• The data:
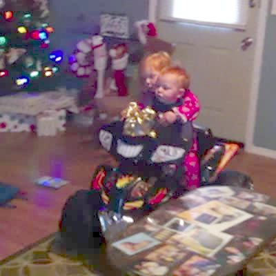 A tot girl is riding on a four wheeler inside while holding on to her baby brother. She drives into a table and knocks stuff over and says "I didn't mean to."
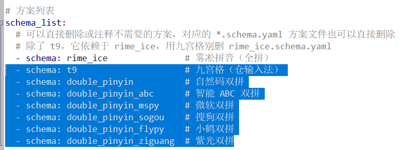 这里我自己做了一些修改,将 default.yaml 文件里面除了雾凇拼音以外的输入法全部注释掉了,因为我用不到。同时修改了快捷键,候选词次数等,这个文档里面有很明了的注释,就不多介绍了。
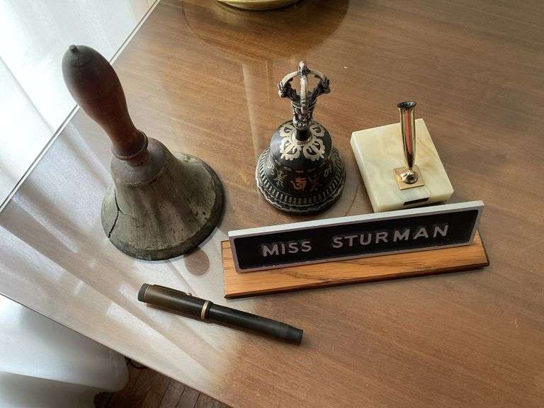 LOT 216 - Teacher’s bell with a crack, a Tibetan handmade bell, and a nameplate on a wooden stand and a Marble
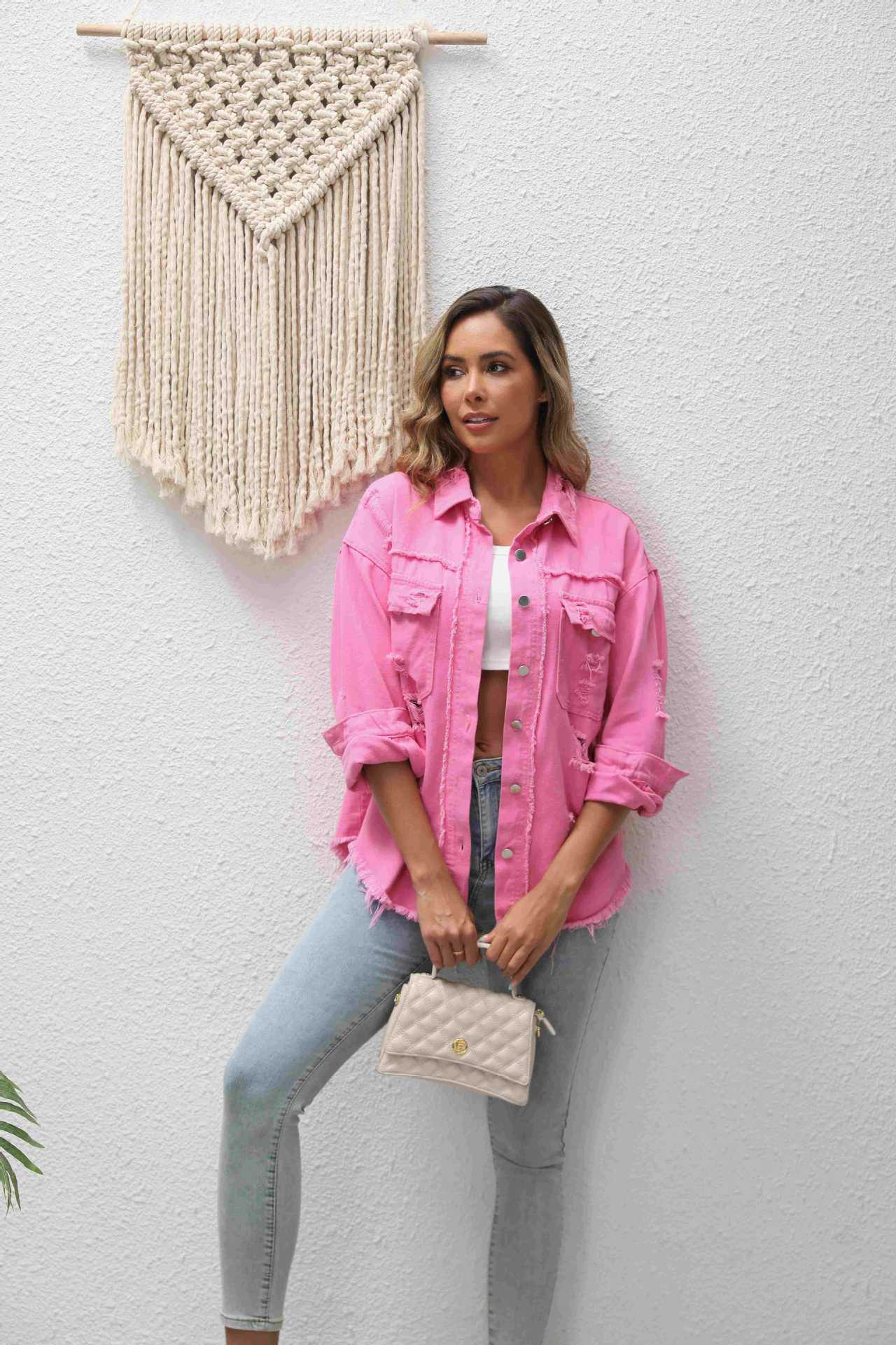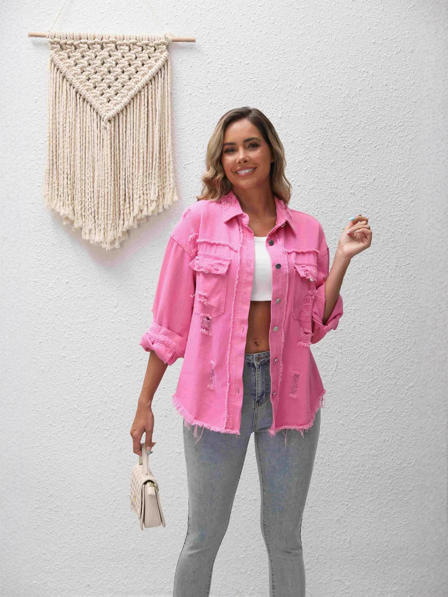 국경 유럽과 미국의 데님 재킷 여성 핑크 느슨한 데님 찢어진 재킷 플러스 사이즈 여성 긴팔 데님 재킷

• Try it:
Exactly as they stand, write the lines from the one holding "LOT 216 - Teacher’s" to the end of the material, both ends included. Do not copy the pictures.

• Written solution:
 LOT 216 - Teacher’s bell with a crack, a Tibetan handmade bell, and a nameplate on a wooden stand and a Marble
 국경 유럽과 미국의 데님 재킷 여성 핑크 느슨한 데님 찢어진 재킷 플러스 사이즈 여성 긴팔 데님 재킷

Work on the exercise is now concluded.